It is these people who are chiefly responsible for Shakespeare's fame. It was principally owing to their writings that the interaction took place between writers and public which expressed itself, and is still expressing itself, in an insane worship of Shakespeare which has no rational foundation. These esthetic critics have written profound treatises about Shakespeare. Eleven thousand volumes have been written about him, and a whole science of Shakespearology composed; while the public, on the one hand, took more and more interest, and the learned critics, on the other hand, gave further and further explanations, adding to the confusion.
So that the first cause of Shakespeare's fame was that the Germans wished to oppose to the cold French drama, of which they had grown weary, and which, no doubt, was tedious enough, a livelier and freer one. The second cause was that the young German writers required a model for writing their own dramas. The third and principal cause was the activity of the learned and zealous esthetic German critics without esthetic feeling, who invented the theory of objective art, deliberately rejecting the religious essence of the drama.
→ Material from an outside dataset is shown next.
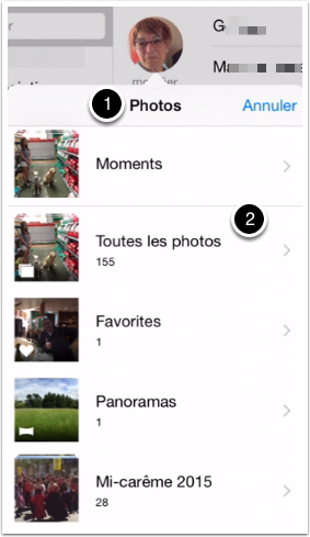 - tap pour se déplacer dans les dossiers ‘moments’, ‘toutes les photos’ ou un album en particulier et ensuite on ‘tap’ sur la photo pourqu’elle devienne celle du contact en question.

"But," I shall be asked, "what do you understand by the word's religious essence of the drama? May not what you are demanding for the drama, religious instruction, or didactics, be called 'tendency,' a thing incompatible with true art?" I reply that by the religious essence of art I understand not the direct inculcation of any religious truths in an artistic guise, and not an allegorical demonstration of these truths, but the exhibition of a definite view of life corresponding to the highest religious understanding of a given time, which, serving as the motive for the composition of the drama, penetrates, to the knowledge of the author, through all of his work. So it has always been with true art, and so it is with every true artist in general and especially the dramatist. Hence—as it was when the drama was a serious thing, and as it should be according to the essence of the matter—that man alone can write a drama who has something to say to men, and something which is of the greatest importance for them: about man's relation to God, to the Universe, to the All, the Eternal, the Infinite. But when, thanks to the German theories about objective art, the idea was established that, for the drama, this was quite unnecessary, then it is obvious how a writer like Shakespeare—who had not got developed in his mind the religious convictions proper to his time, who, in fact, had no convictions at all, but heaped up in his drama all possible events, horrors, fooleries, discussions, and effects—could appear to be a dramatic writer of the greatest genius.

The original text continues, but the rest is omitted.